2018 (English)Independent thesis Advanced level (degree of Master (Two Years)), 20 credits / 30 HE creditsStudent thesis
Abstract [en]

The Planning And Scheduling (PLAS) module of ICE (Intelligent Control Environment) is responsible for planning and scheduling a large fleet of vehicles. This process involves the creation of tasks to be executed by the vehicles. Using this information, PLAS decides which vehicles should execute which tasks, which are modelled as constraint satisfaction problems. Solving the constraint satisfaction problems is slow. To improve efficiency, a number of different techniques exist. One of these is arc consistency, that entails taking a constraint satisfaction problem and evaluating its variables pairwise by applying the constraints among them. Using arc consistency, we can discern the candidate solutions to constraint satisfaction problems faster than doing a pure search. In addition, arc consistency allows us to detect and act early on inconsistencies in constraint satisfaction problems.

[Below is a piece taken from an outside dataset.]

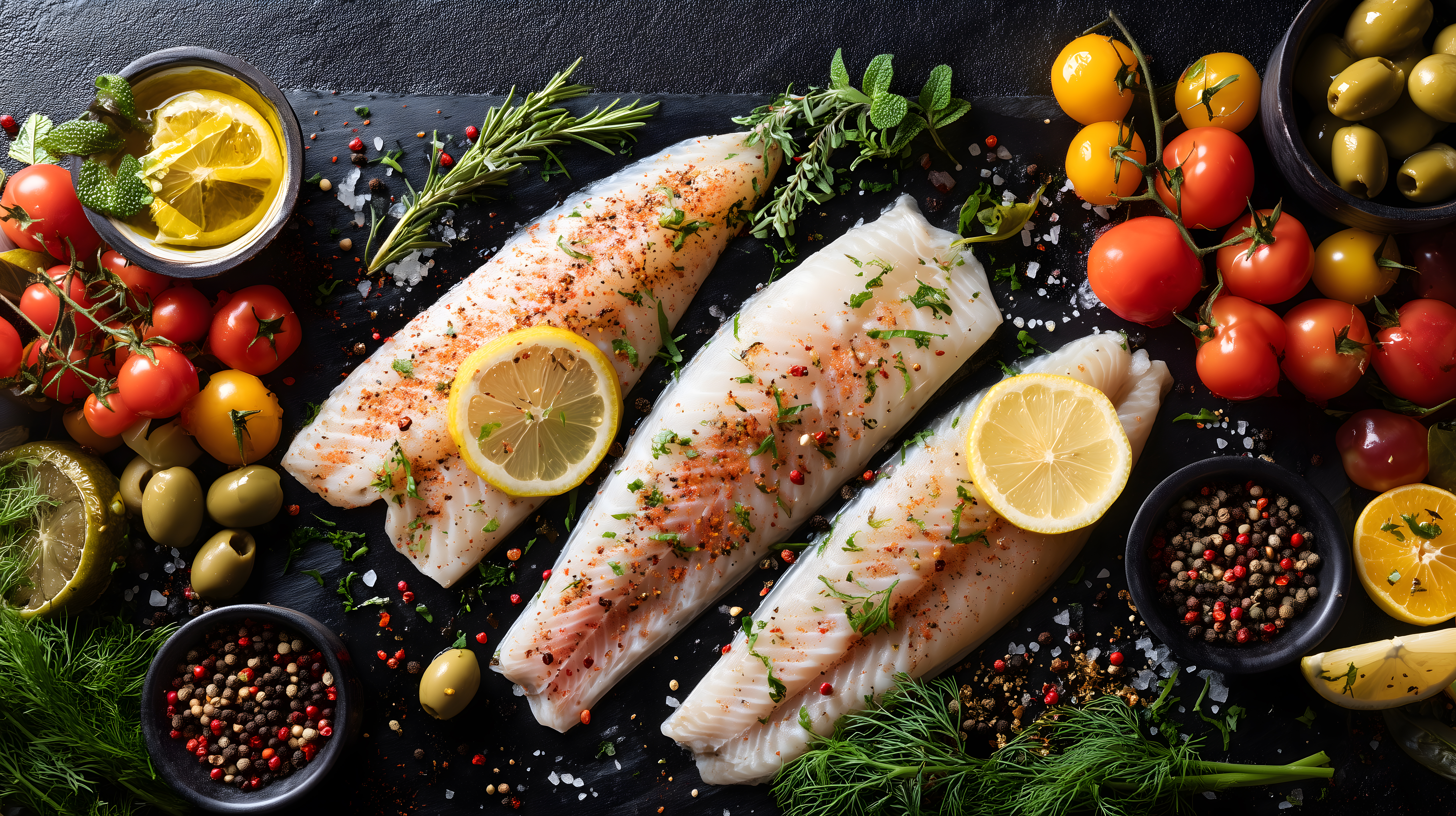 Dieses hochwertige Stockfoto zeigt ein frisches Fischfilet, das mit Kräutern und Zitrone auf einem schwarzen Hintergrund angerichtet ist. Das Bild strahlt eine natürliche, mediterrane Atmosphäre aus und eignet sich ideal für Blogs, Websites, Werbung oder Newsletter rund um Themen wie gesunde Ernährung, Kochen und Kulinarik. Das Foto ist in hoher Auflösung und unter einer Creative-Commons-Lizenz kostenlos nutzbar.
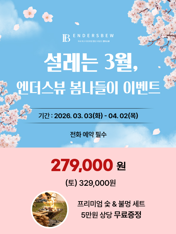 [스포츠서울 | 김종철 기자] 춘천 프라이빗 리조트 엔더스뷰가 봄 시즌을 맞아 ‘설레는 3월, 엔더스뷰 봄나들이 이벤트’를 진행한다고 밝혔다.

The work in this master thesis includes the implementation of a constraint solver for symbolic constraints, containing the arc consistency algorithm AC3. Furthermore, it encompasses the implementation of a constraint satisfaction problem generator, based on the Erdős-Rényi graph model, inspired by the quasigroup completion problem with holes, that allows the evaluation of the constraint solver on large-sized problems. Using the constraint satisfaction problem generator, a set of experiments were performed to evaluate the constraint solver. Furthermore, a set of complementary scenarios using manually created constraint satisfaction problems were performed to augment the experiments. The results show that the performance scales up well.

Abstract [sv]

Schemaläggningsmodulen PLAS som är en del av ICE (Intelligent Control Environment) är ansvarig för planering och schemaläggning av stora mängder fordonsflottor. Denna process involverar skapandet av uppgifter som behöver utföras av fordonen. Utifrån denna information bestämmer PLAS vilka fordon som ska utföra vilka uppgifter, vilket är modellerat som villkorsuppfyllelseproblem. Att lösa villkorsuppfyllelseproblem är långsamt. För att förbättra prestandan, så finns det en mängd olika tekniker. En av dessa är bågkonsekvens, vilket involverar att betrakta ett villkorsuppfyllelseproblem och utvärdera dess variabler parvis genom att tillämpa villkoren mellan dem. Med hjälp av bågkonsekvens kan vi utröna kandidatlösningar för villkorsuppfyllelseproblemen snabbare, jämfört med ren sökning. Vidare, bågkonsenvens möjliggör upptäckande och bearbetning av inkonsekvenser i villkorsuppfyllelseproblem.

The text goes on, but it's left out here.